Exercise requirements
For this task, copy all of the data below exactly and skip the pictures.

Given information

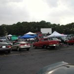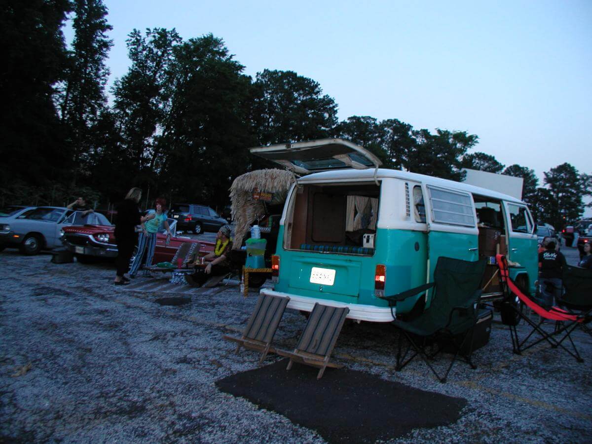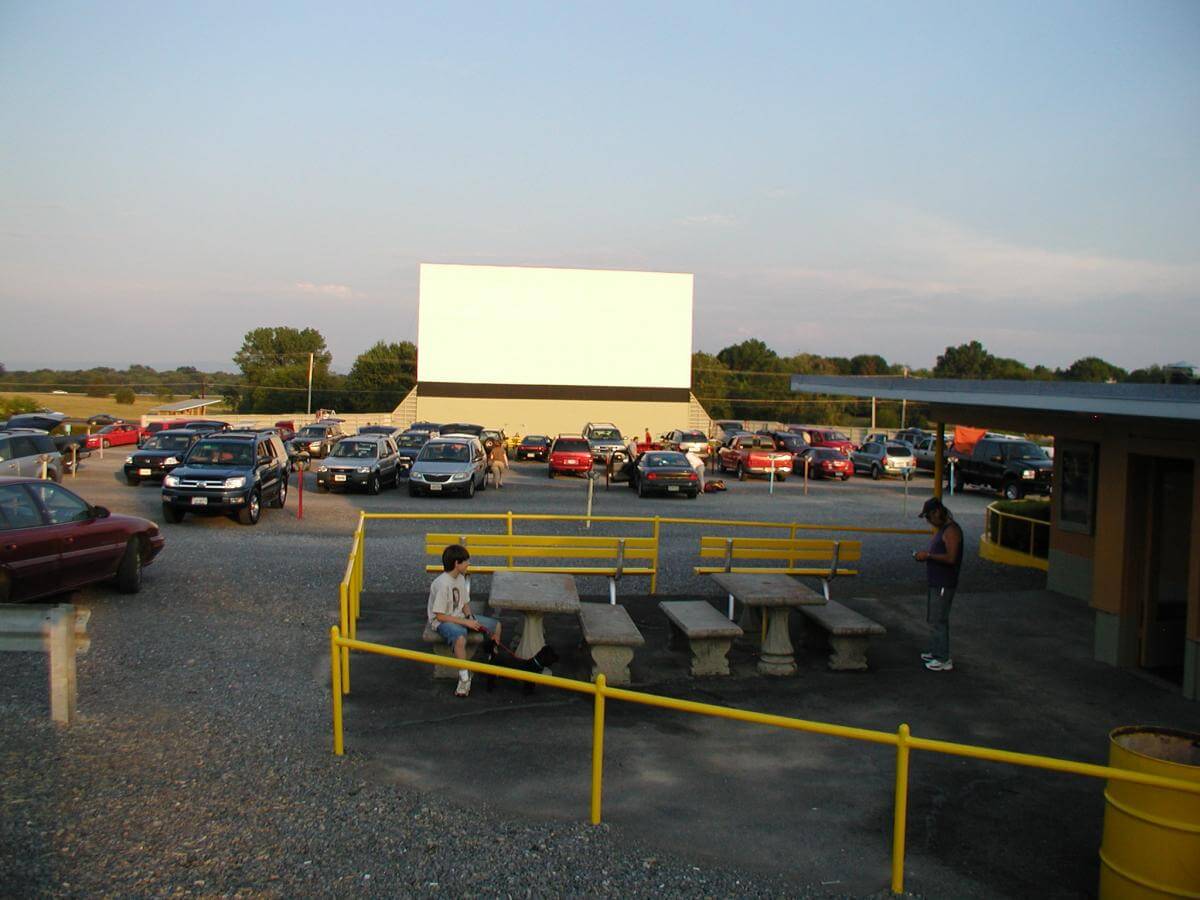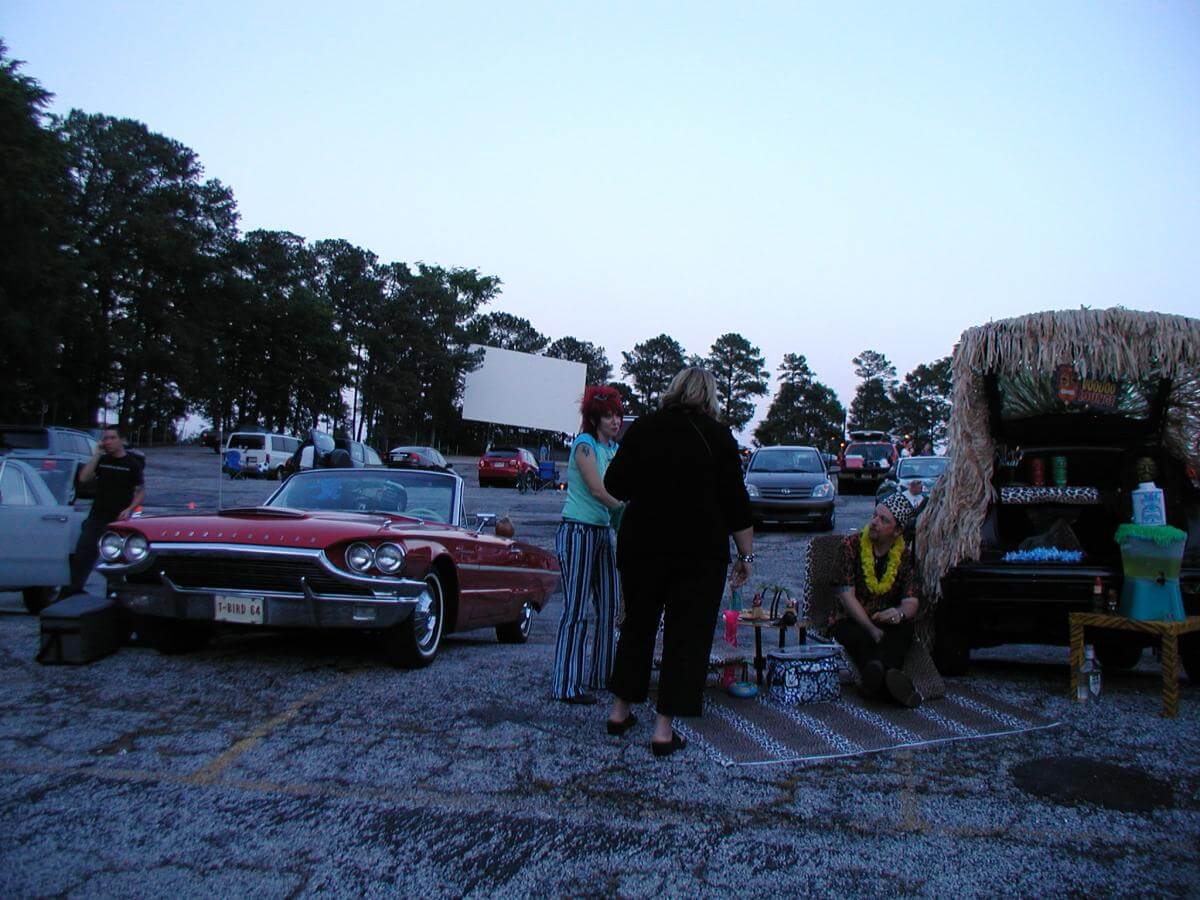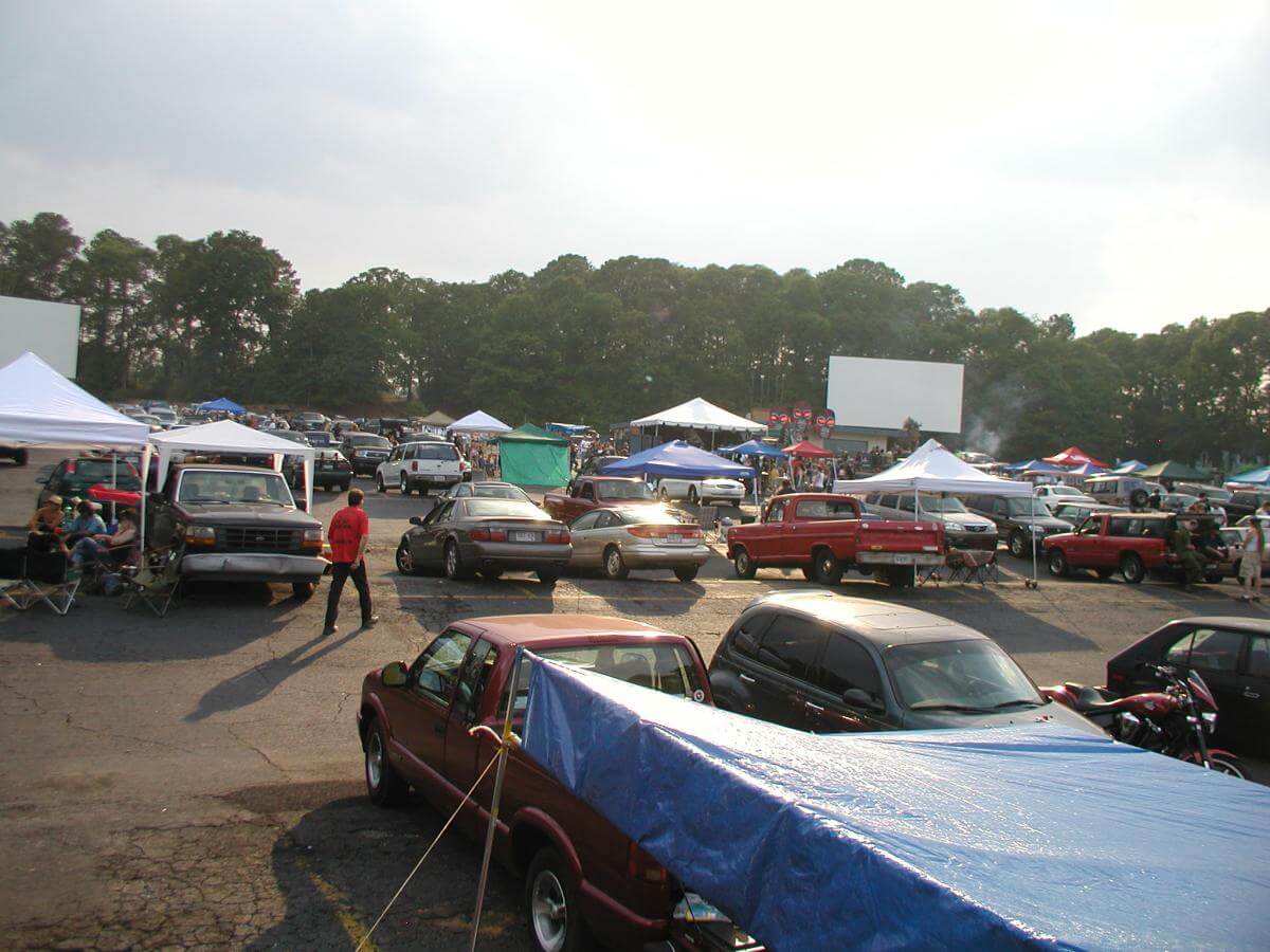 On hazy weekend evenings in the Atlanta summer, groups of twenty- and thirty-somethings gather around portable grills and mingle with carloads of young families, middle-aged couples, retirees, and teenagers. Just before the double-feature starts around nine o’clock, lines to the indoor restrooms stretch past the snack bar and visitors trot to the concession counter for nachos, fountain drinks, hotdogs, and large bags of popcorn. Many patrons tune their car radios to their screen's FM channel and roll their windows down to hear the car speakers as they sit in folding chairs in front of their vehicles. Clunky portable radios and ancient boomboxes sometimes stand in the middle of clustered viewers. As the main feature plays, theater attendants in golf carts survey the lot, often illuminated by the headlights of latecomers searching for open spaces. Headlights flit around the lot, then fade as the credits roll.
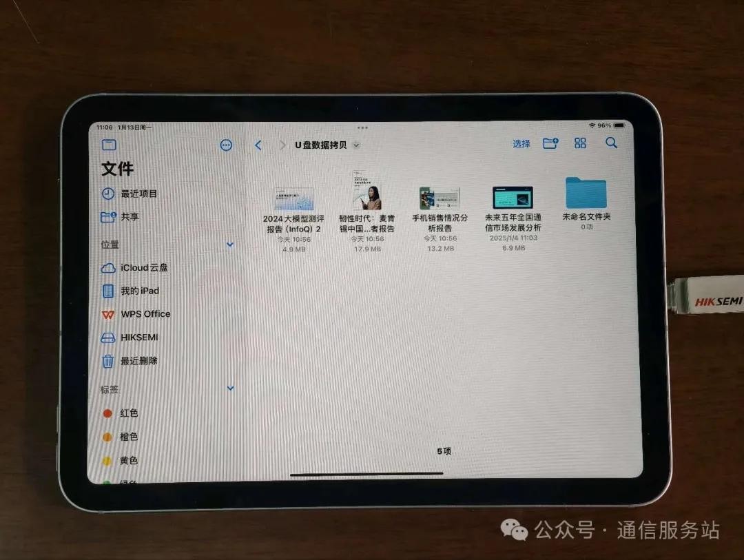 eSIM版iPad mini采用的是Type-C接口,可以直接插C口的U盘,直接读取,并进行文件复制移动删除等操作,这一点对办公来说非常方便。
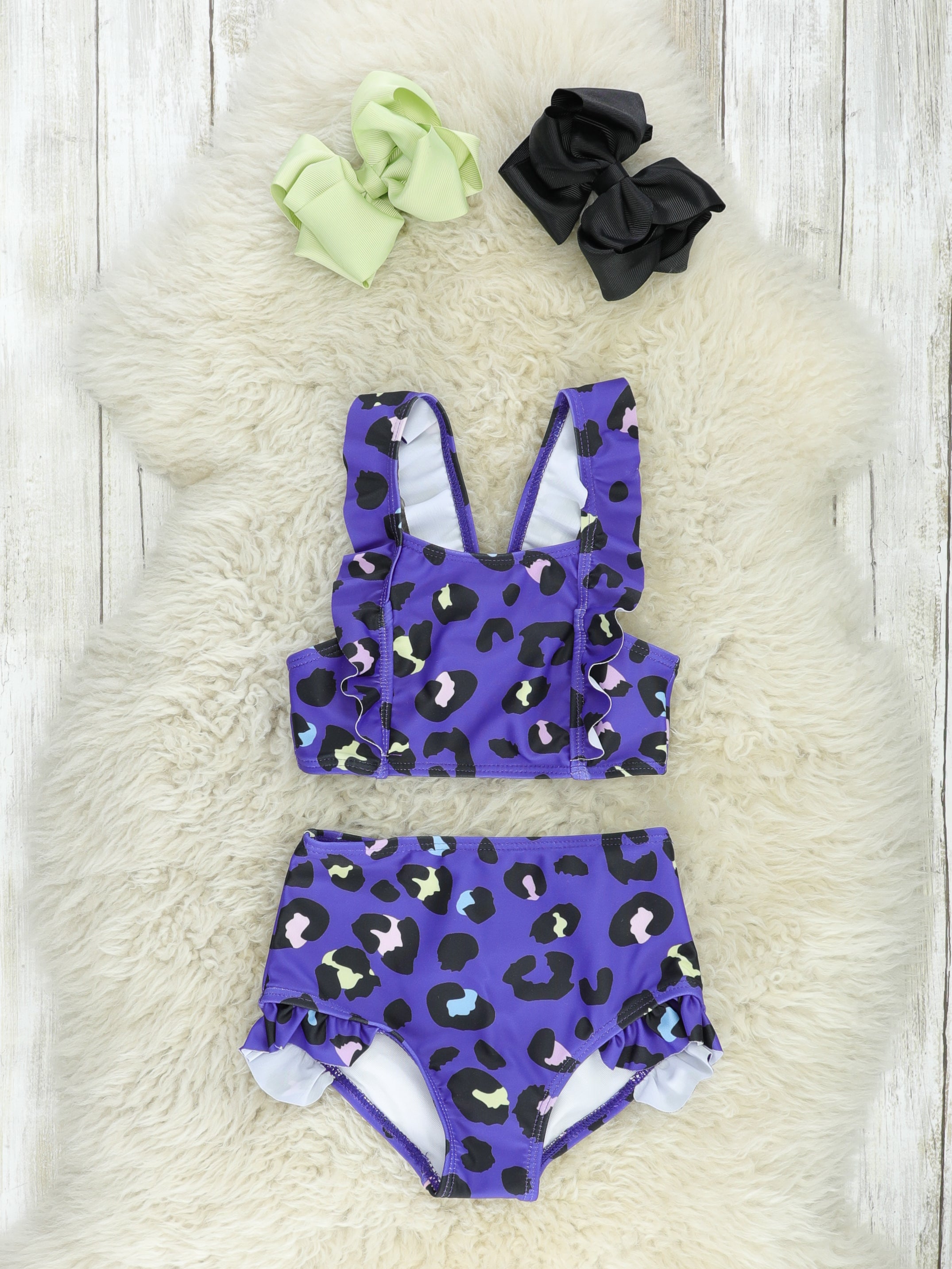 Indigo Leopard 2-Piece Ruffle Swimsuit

Response to this task
 On hazy weekend evenings in the Atlanta summer, groups of twenty- and thirty-somethings gather around portable grills and mingle with carloads of young families, middle-aged couples, retirees, and teenagers. Just before the double-feature starts around nine o’clock, lines to the indoor restrooms stretch past the snack bar and visitors trot to the concession counter for nachos, fountain drinks, hotdogs, and large bags of popcorn. Many patrons tune their car radios to their screen's FM channel and roll their windows down to hear the car speakers as they sit in folding chairs in front of their vehicles. Clunky portable radios and ancient boomboxes sometimes stand in the middle of clustered viewers. As the main feature plays, theater attendants in golf carts survey the lot, often illuminated by the headlights of latecomers searching for open spaces. Headlights flit around the lot, then fade as the credits roll.
 eSIM版iPad mini采用的是Type-C接口,可以直接插C口的U盘,直接读取,并进行文件复制移动删除等操作,这一点对办公来说非常方便。
 Indigo Leopard 2-Piece Ruffle Swimsuit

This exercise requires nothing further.